Через полчаса из-под барабана глянцевателя уже выпадали готовые фотокарточки, небольшие, девять на двенадцать. Катя спрятала в ящик стола фотобумагу и зажгла яркий свет, который здесь не горел уже, наверное, несколько лет. При таком освещении сразу же стало видно все убожество фотолаборатории: грязные, хоть и облицованные кафелем стены, неподметенный пол, на котором валялись еще прошлогодние осенние листья, по углам ютились окурки.
«Вот сейчас хорошо бы попить кофе», — подумала Катя.

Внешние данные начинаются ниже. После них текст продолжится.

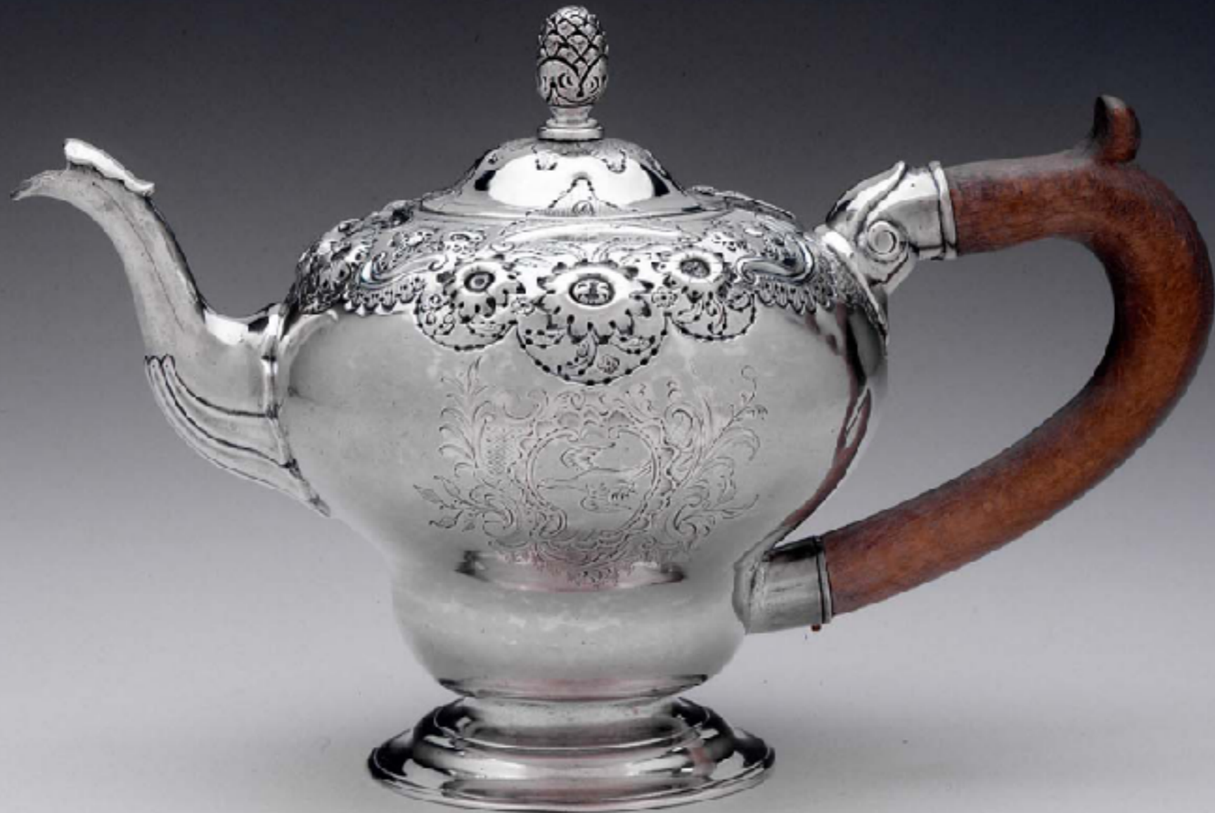
American Silver Teapot from Boston, Massachusetts by Benjamin Burt, Engraved by Nathaniel Hurd 1762 (Museum of Fine Arts, Boston)

Тут же, что еще раз подтвердило сегодняшнее ее везение, раздался стук в дверь, осторожный и деликатный Стучали трижды.
— Я не могла принести раньше, меня заставляли пить, держали за руки, — принялась извиняться девица.
Катя настолько расчувствовалась, что даже разрешила девушке переступить порог фотолаборатории и сказала:
— Оставьте все здесь, и большое вам спасибо. Можете идти пить дальше.
— Вас там вспоминали.
— Кто?
— Миша.
— Толстяк? — переспросила Катя.
— Да, он самый. Бегает по всей редакции, спрашивает, кто вас увел. И говорит, что на вас положил глаз.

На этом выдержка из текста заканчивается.